IBD in DGRP Data Set

We downloaded the SNP tables generated by the DGRP project from http://www.hgsc.bcm.tmc.edu/projects/dgrp/freeze1_July_2010/snp_calls/Illumina/ (last accessed July 30, 2010) to examine identity by descent in this data set. We performed an all by all comparison between lines examining sliding windows of 1 Mb across the genome with 100 kb steps between windows. We take a simple definition of IBD here. Whenever we identified two lines that were >95% identity at SNP positions in a 1 Mb region, we labeled the pair as IBD in the identified region and masked that region of the genome in the line with lower coverage. We also dropped entirely from our analysis any lines where >50% of the genome was determined to be IBD with other lines in the population (supplementary table S1, Supplementary Material online), removing from the analysis the line with lower average sequence coverage.

We modeled 1 Mb regions of 200 chromosomes in a coalescent simulation using the parameters theta = 0.01/site and 4Nr = 10*theta to determine the number of regions of ≥95% IBD under a Wright-Fisher population model using the MACS software (Chen et al. 2009). We simulated 1000 replicates of this simulation and tabulated the number of 1 Mb regions showing ≥95% IBD in each replicate.

Alignment

We aligned reads to the D. melanogaster reference genome (version 5.13 downloaded from FlyBase, flybase.org) using the aligner BWA (version 0.5.9, Li and Durbin 2009). We used the following parameters (aln -t 8 -l 13 -m 50000000 -R 5000) followed by the command “sampe” to resolve paired end mappings (using parameters -a 5000 -N 5000 -n 500). It is important when detecting TEs that the -R during the initial alignment and the -N parameter during the “sampe” phase be set high otherwise highly repetitive sequences that would be informative of the presence of a common element will be excluded from the data by the aligner. We also used the -I option for the DGRP lines, but not the DSPR, due to the differences in Illumina quality score output format as the two data sets were sequenced at different times. The -m parameter from the initial alignment step and the -n parameter from the paired-end resolution step deal with how BWA treats multiply aligning reads. An additional caveat is that some TE families, most notably the P-element family, is absent from the D. melanogaster reference sequence. Such families in the sequenced genomes will not align to the reference genome we used even if they are present in the sampled lines.

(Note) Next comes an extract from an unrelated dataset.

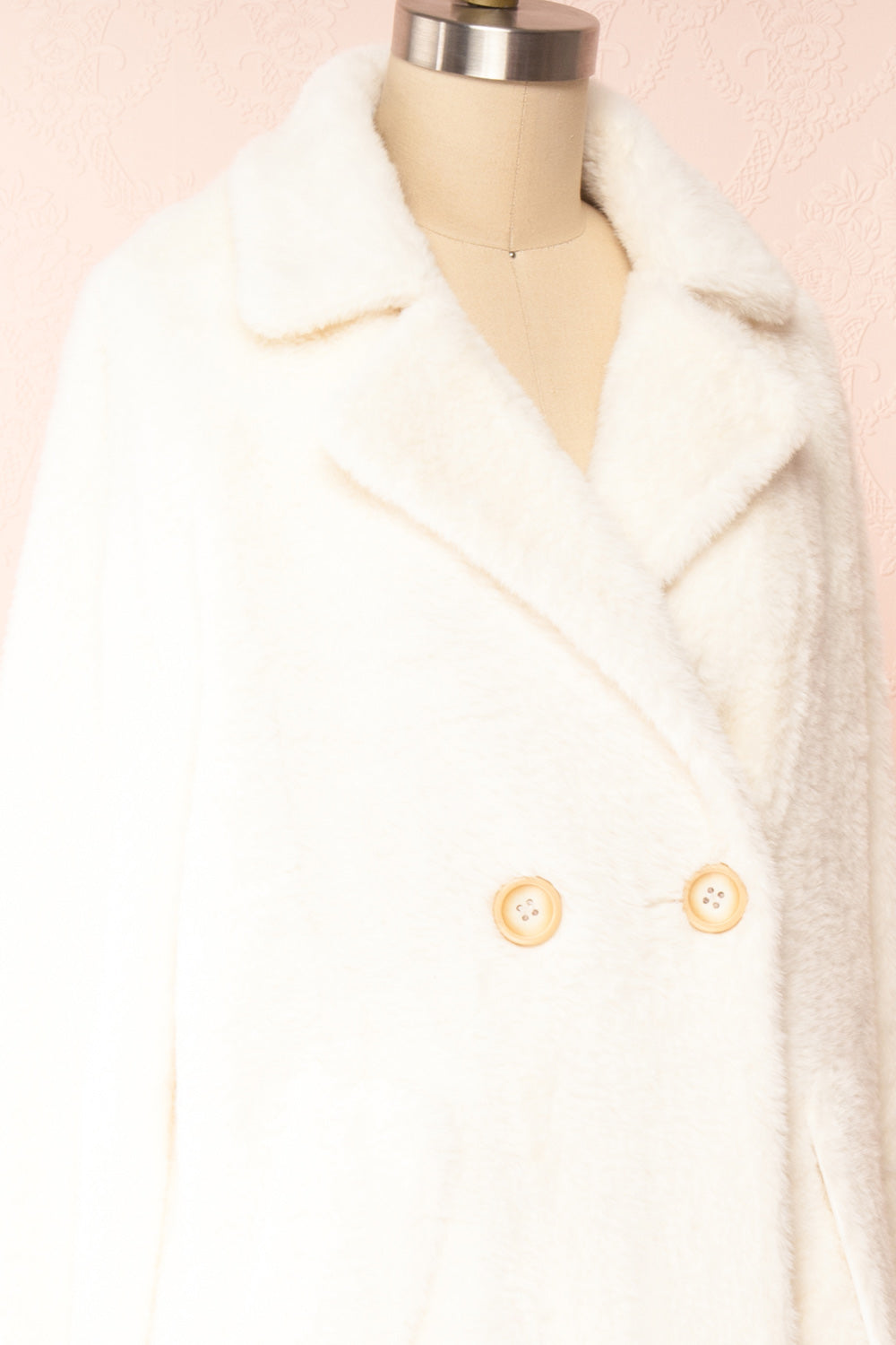 Kristalo | Manteau Blanc Surdimensionné en Fausse Fourrure

Transposable Element Detection

Transposable elements were detected by first identifying all reads that were aligned to an annotated TE in the reference genome (supplementary fig. S1, Supplementary Material online). We then identified the mates of these reads and selected only those mates which did not align to an annotated TE. These reads identify the set of read-pairs which span a TE insertion. The uniquely mapping, non-TE reads were then clustered based on their start position and chromosomal strand to identify putative TEs. Clusters on the plus strand were matched to clusters on the minus strand to produce pairs of clusters indicating either end of the putative TE. Once clusters were identified, we filtered out all events which contained fewer than three read-pairs consistent with a given insertion for each cluster. This means that putative events at this stage have a minimum of six read-pairs indicating the insertion, three on the plus strand and three on the minus strand.

We then extracted all reads and their mates that aligned to the identified regions of the genome and attempted to reconstruct the local area including the breakpoint of the TE. Because many TEs have repetitive regions at the ends of the element, we reconstructed the two breakpoints of the TE separately (see also supplementary fig. 23 from Mackay et al. 2012). Local reconstruction was done by running Phrap (version 1.090518, Ewing and Green 1998) with the following parameters (-forcelevel 10 -minscore 10 -minmatch 10). This set of parameters causes Phrap to do a Smith-Waterman comparison when it finds matches of at least 10 characters, but then relaxes the minimum alignment score and the final assembly parameters. This is necessary to reconstruct TEs because repetitive sequence within the TEs can result in a failure to reconstruct a contig if stricter assembly parameters are used. All code we developed for the detection of TEs will be freely available at www.molpopgen.org/Data/ (last accessed August 1, 2013).

Following reconstruction we used BlastN (verson 2.2.22) to compare reconstructed contigs to the D. melanogaster reference to confirm the presence of a TE. In most cases we were able to fully reconstruct both breakpoints of the TE. Fully reconstructed indicates that we could reconstruct a single contig which contained the breakpoint of the TE. In most cases the two breakpoints of the TE did not resolve to the same nucleotide, but instead identify the location of the target site duplication for the insertion (Linheiro and Bergman 2012, similar to fig. 1). These are cases where the upstream estimate of the breakpoint is slightly higher than the downstream estimate of the breakpoint and the difference in position can be seen as the likely span of the target site duplication. However, sometimes we were not able to fully reconstruct a contig, but instead generated two contigs; one containing uniquely aligning sequence and the other containing TE sequence. These contigs are known to belong together because reads forming one contig have their mates in the other contig. In these cases we have an approximate, but not precise, estimate of the TE breakpoint and are unable to identify the target site duplication.

After the first round of detection, we performed a second round of detection where we examined every location where a novel TE was detected in any line in all other lines. This included examining positions in one data set that were identified in the other data set. In addition we examined the locations of all known TEs in the D. melanogaster genome. For each location queried in each line, we extracted reads aligning to that location and their mates and used Phrap to reconstruct a contig. This allowed us to produce presence, absence, or missing data calls for all positions where TE was detected in all lines. The absence of a TE is determined by identifying reconstructed contigs that spanned the insertion position of the TE by at least 15 bp on either side. These absence calls were not included in Mackay et al. (2012). This also allows us to identify TEs that may be in regions of the genome with lower average sequence coverage compared with the rest of the genome provided that insertion is shared with another line where it was possible to detect the insertion.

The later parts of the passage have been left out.